Boom Village, the one-off mini festival set up to replace the cancelled Boomtown, has now been cancelled itself due to rising COVID-19 rates across the UK.
While all restrictions on social distancing and capacity limits for live shows in England will be removed on Monday (July 19) as the country enters the fourth and final stage of its route out of lockdown, cases continue to rise across the country.
As a result, Boom Village – which was set to be held from August 10-14 – has now cancelled its event. “We are truly sorry to have to say this again, but we have had to make the incredibly hard decision to cancel Boom Village,” the festival wrote in a statement.
“These past few days we have been back in the excruciating position of weighing up every possible scenario to see how we might be able to proceed. There is so much excitement out there for us to come together and host this beautiful festival but sadly the risks of holding the event now outweigh all the wonderful reasons for going ahead.”
We are truly sorry to have to say this again, but we have had to make the incredibly hard decision to cancel Boom Village.
— Boomtown Fair (@BoomtownFair) July 14, 2021
The explanation added: “The core decision is due to the escalating cases of COVID-19 across the country, and the risks that widespread illness and self-isolation could have on our crew and contractors, which would result in us not having enough people to build and deliver the show to the high public safety standards we uphold.
“When we first came up with the concept of Boom Village we were so excited by the idea of a smaller show where we could trial new sustainable ideas. This was incredibly energising and we leapt into the project of bringing our much-loved festival community back together in a whole new way; with an intimate, locally focused and family-friendly event that put its ethos front and centre.
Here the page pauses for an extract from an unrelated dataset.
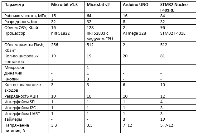 В табл. 1 вы найдете сравнение характеристик micro:bit версии 1.5 и 2 с другими широко распространенными микроконтроллерами – Arduino UNO и STM32 Nucleo F401RE.

“We had devised a concept that could have worked in the current climate, despite all the existing issues such as a lack of insurance etc…” the festival added, saying that “the odds now feel stacked against us” with regards to holding the festival.
The message added that festival organisers believe the rising case rates “severely affect our ability to deliver a show where we could guarantee high levels of safety for all in attendance”.
Data published from the first stage of the ERP confirmed that just 28 people who attended pilot events researching the impact of large-scale gatherings during the COVID-19 pandemic tested positive for the virus.